WHAT IS NEEDED →
All records must be quoted exactly. Omit the pictures.
= = =
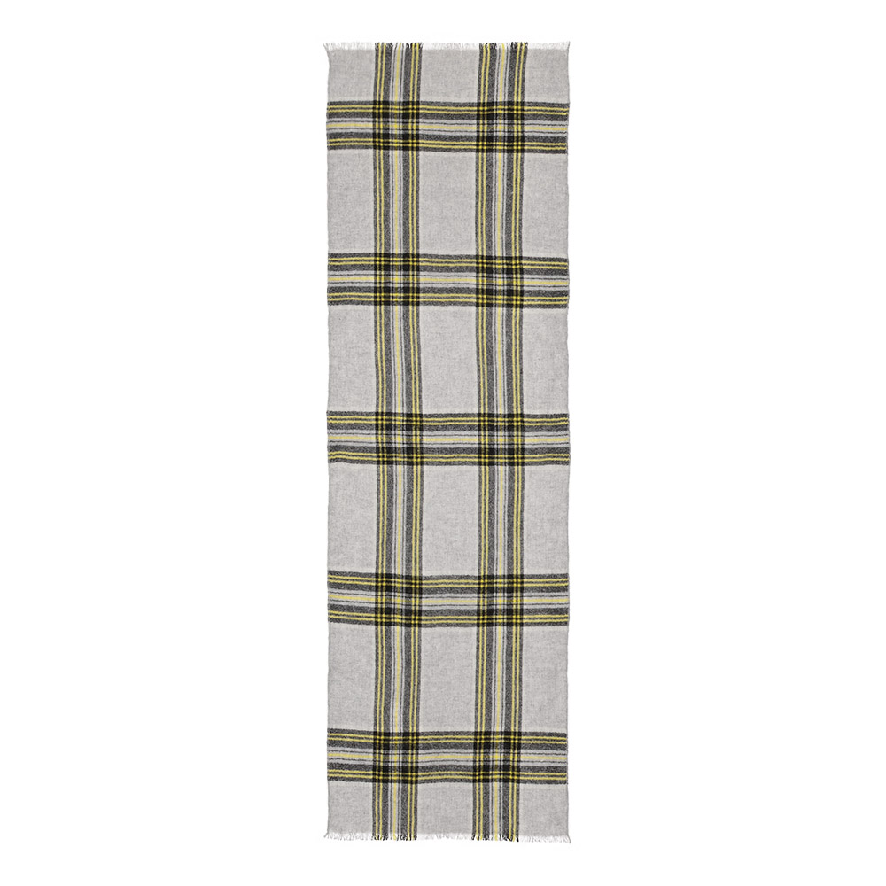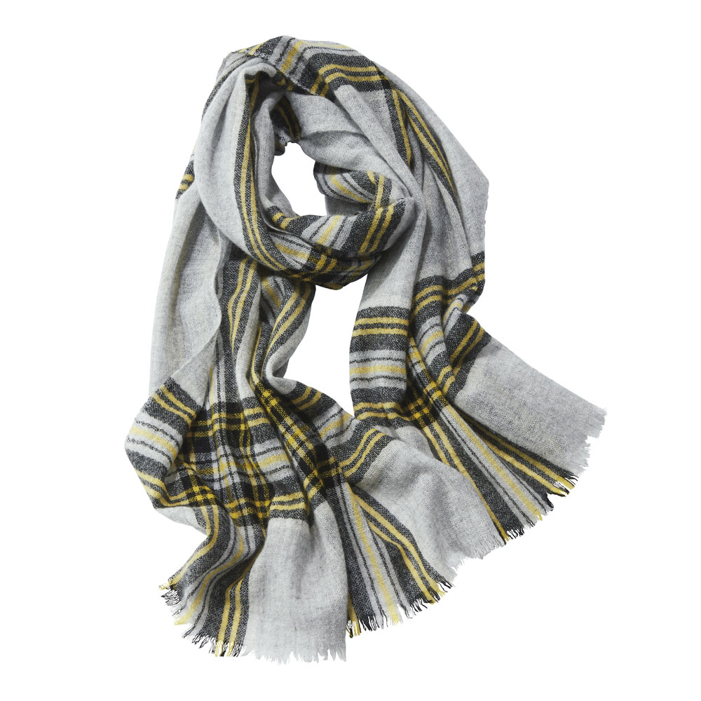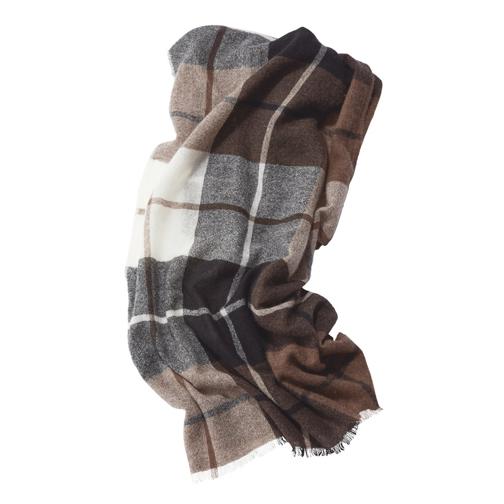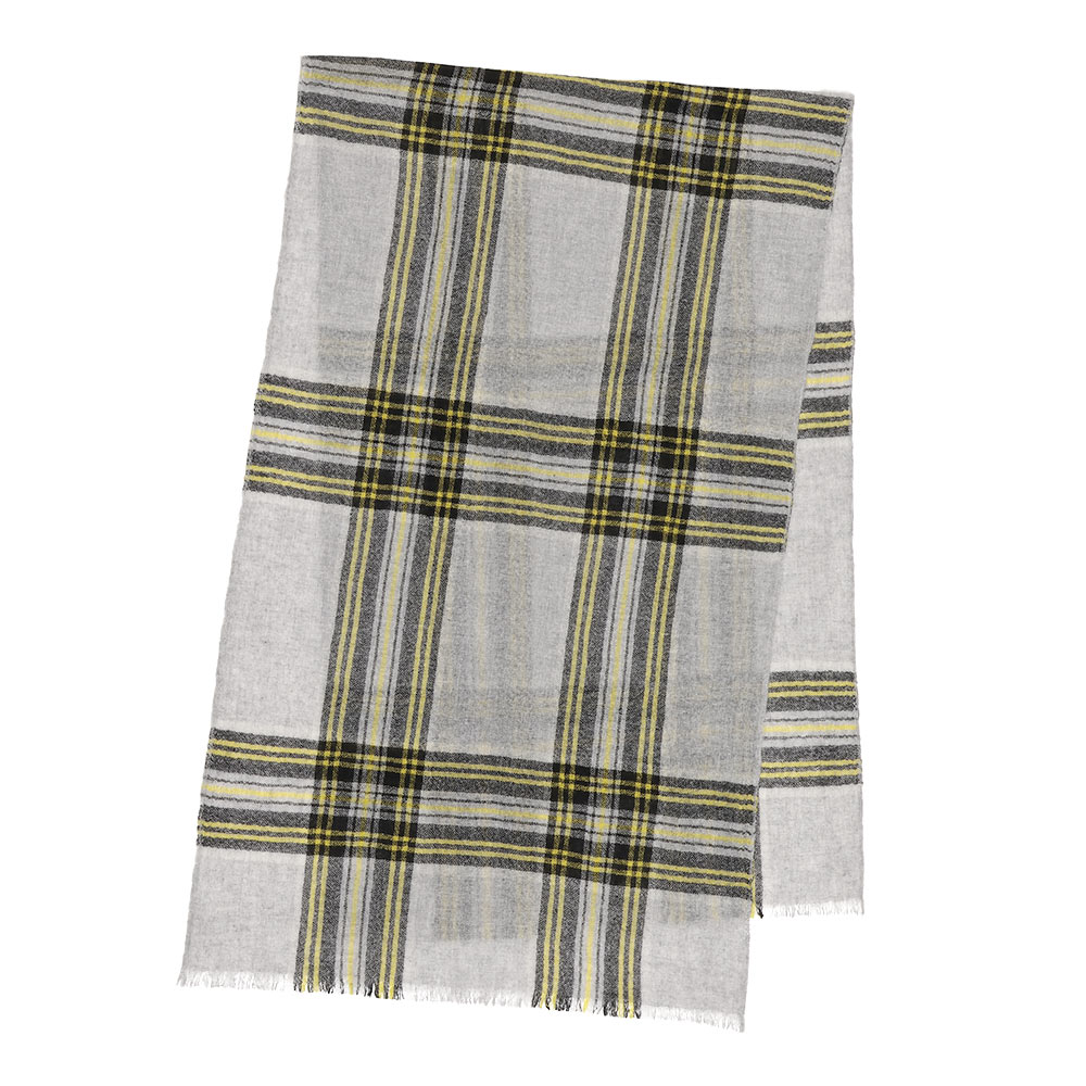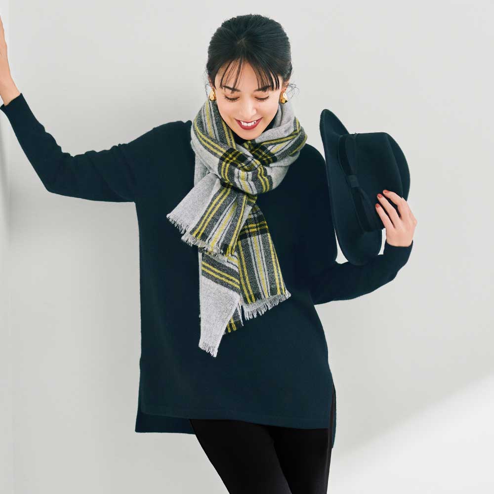 FASHION GOODS“旬”を盛り込んだ冬の小物リストこれからの季節に役立つ巻き物。今っぽさを手軽に楽しめるのはもちろん、使いやすさにも拘り抜いたアイテムです。好感度の高いチェック柄と上質な薄手カシミヤの調和装いにスパイスを添えたいとき、つい手が伸びるチェックのストール。肌に心地いい薄軽カシミヤガーゼなので、大判サイズでも扱いやすく、アレンジしやすいのも利点。新色のブルー系を加えた全3色展開。
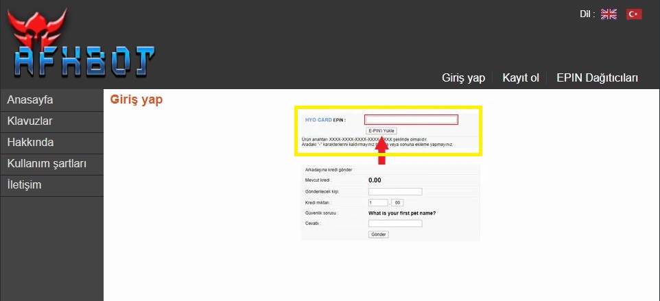 Satın almış olduğunu kodu istenilen yere eksiksiz ve dikkatli bir şekilde girerek "E-PIN'i Yükle" butonuna tıklayınız.
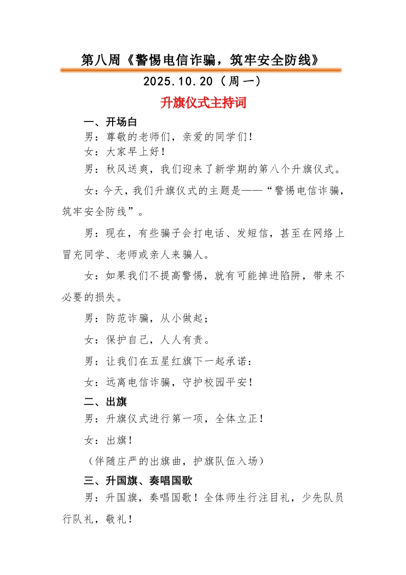 2025-2026秋季第一学期中小学升旗仪式22周主持词:第8周 警惕电信诈骗,筑牢安全防线
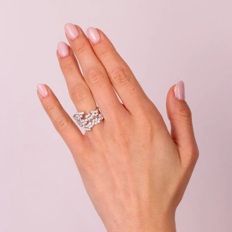 Anello in Argento 925 con struttura a forma di fiore e zirconi bianchi
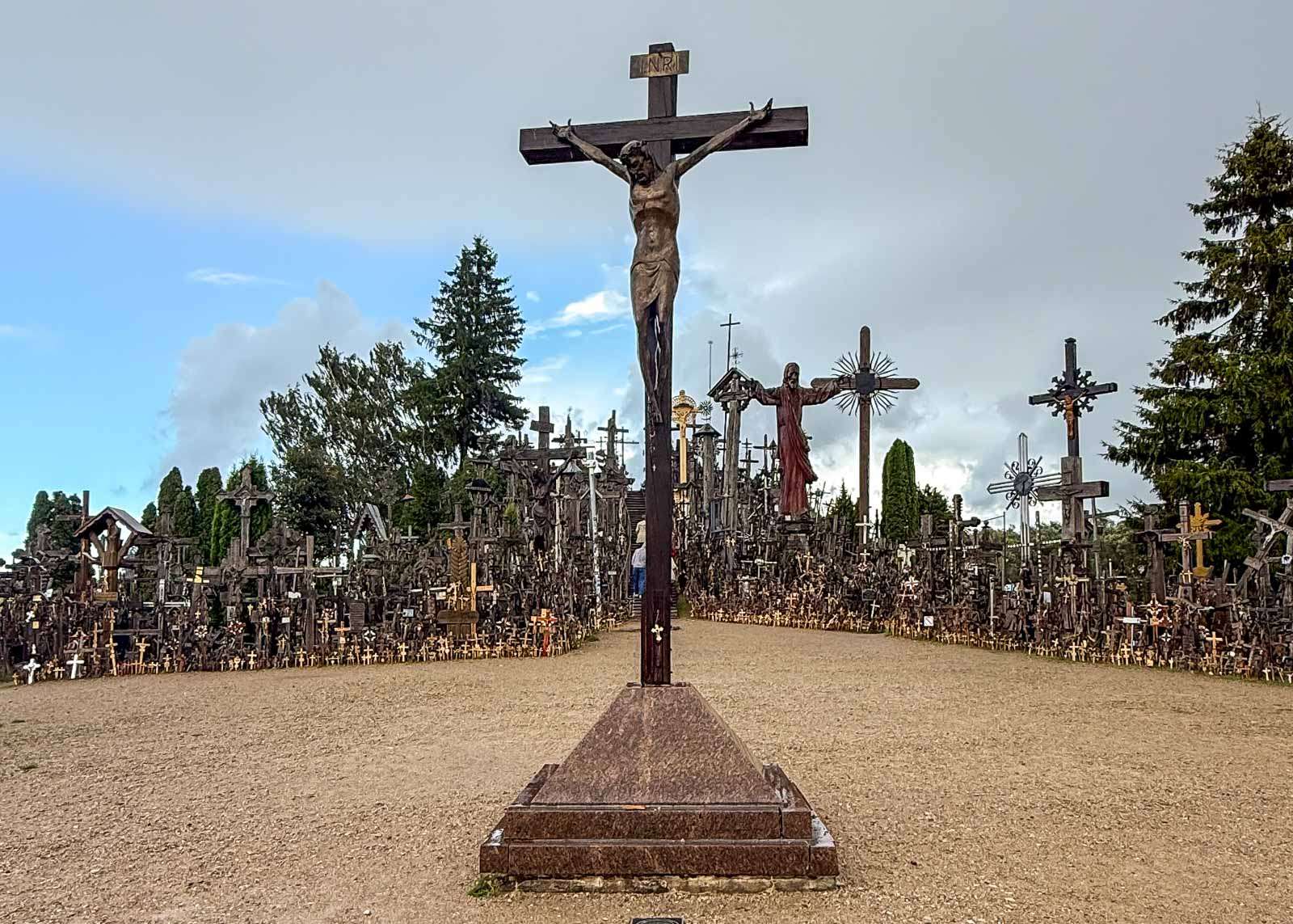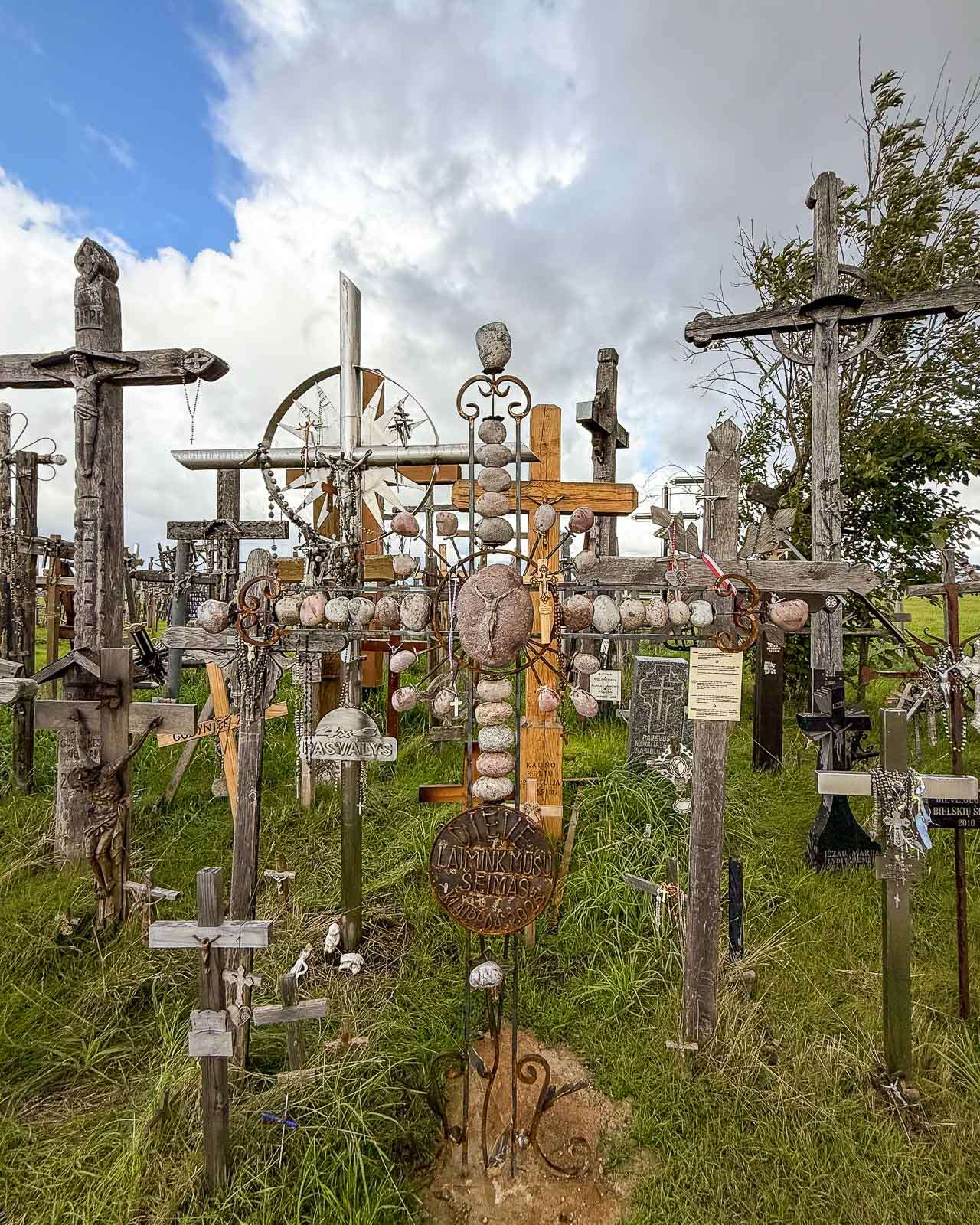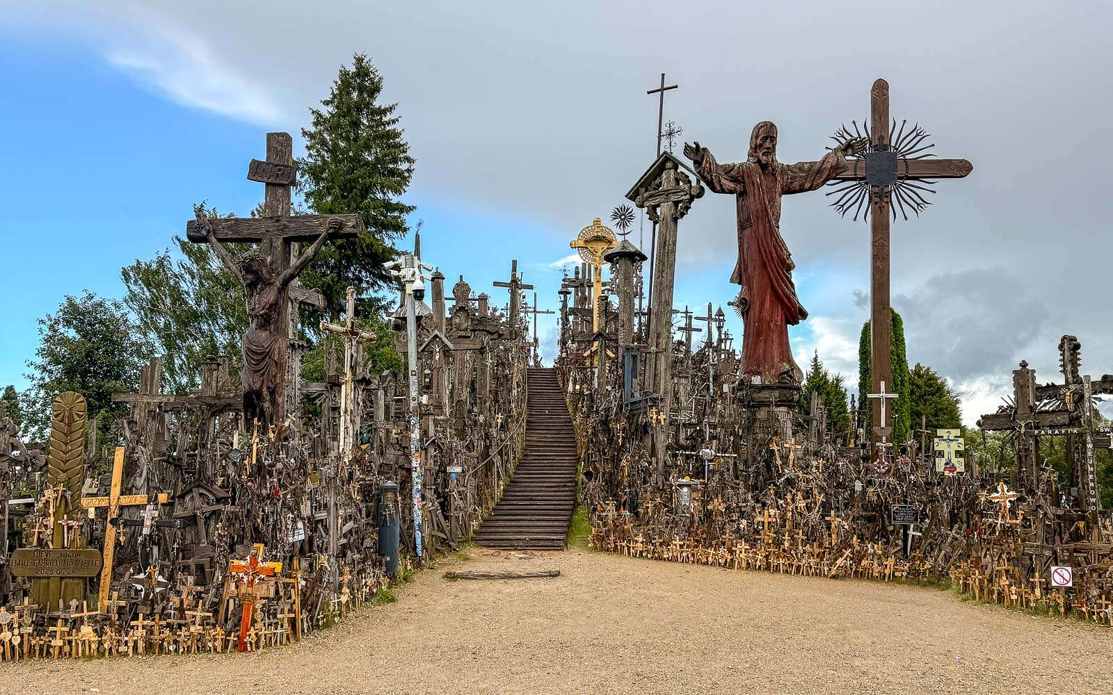 Ristikukkula sijaitsee Liettuassa, Siauliain kaupungin lähellä, mutta runsaat 10 km sen keskustasta pohjoiseen. Monet autolla vaikka Via Balticaa Tallinnasta Keski-Eurooppaan ajaneet ovat poikenneet siellä, vaikkei se ihan Via Baltican varrella olekaan. Me toteutimme ehkä viimeisen Baltian kierroksemme julkisilla. Junamatkamme Klaipedasta Vilnaan kulki kyllä Siualiain kautta, mutta Ristikukkulalla käynti olisi melkein vaatinut yöpymisen Siualiaissa, joten päädyimme lopulta päiväretkeen Riikasta, sillä halusimme lopulta, mekin, kokea tuon(kin) nähtävyyden itse. Ristikukkulan info-pisteen kartan reunassa oli mietelause “Better to see something once than hear about it a thousand times.” Tosi osuvasti sanottu, ainakin meidän osaltamme!
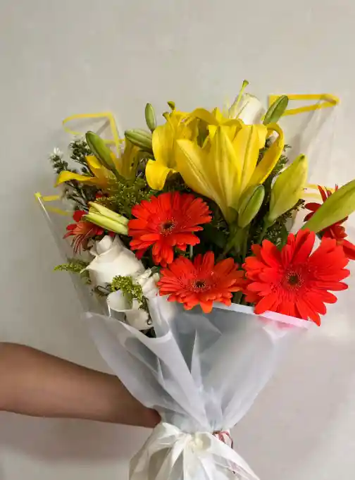 5 lirios + 5 Gerberas + 5 Rosas + Follaje
= = =
RESPONSE BOX →
 FASHION GOODS“旬”を盛り込んだ冬の小物リストこれからの季節に役立つ巻き物。今っぽさを手軽に楽しめるのはもちろん、使いやすさにも拘り抜いたアイテムです。好感度の高いチェック柄と上質な薄手カシミヤの調和装いにスパイスを添えたいとき、つい手が伸びるチェックのストール。肌に心地いい薄軽カシミヤガーゼなので、大判サイズでも扱いやすく、アレンジしやすいのも利点。新色のブルー系を加えた全3色展開。
 Satın almış olduğunu kodu istenilen yere eksiksiz ve dikkatli bir şekilde girerek "E-PIN'i Yükle" butonuna tıklayınız.
 2025-2026秋季第一学期中小学升旗仪式22周主持词:第8周 警惕电信诈骗,筑牢安全防线
 Anello in Argento 925 con struttura a forma di fiore e zirconi bianchi
 Ristikukkula sijaitsee Liettuassa, Siauliain kaupungin lähellä, mutta runsaat 10 km sen keskustasta pohjoiseen. Monet autolla vaikka Via Balticaa Tallinnasta Keski-Eurooppaan ajaneet ovat poikenneet siellä, vaikkei se ihan Via Baltican varrella olekaan. Me toteutimme ehkä viimeisen Baltian kierroksemme julkisilla. Junamatkamme Klaipedasta Vilnaan kulki kyllä Siualiain kautta, mutta Ristikukkulalla käynti olisi melkein vaatinut yöpymisen Siualiaissa, joten päädyimme lopulta päiväretkeen Riikasta, sillä halusimme lopulta, mekin, kokea tuon(kin) nähtävyyden itse. Ristikukkulan info-pisteen kartan reunassa oli mietelause “Better to see something once than hear about it a thousand times.” Tosi osuvasti sanottu, ainakin meidän osaltamme!
 5 lirios + 5 Gerberas + 5 Rosas + Follaje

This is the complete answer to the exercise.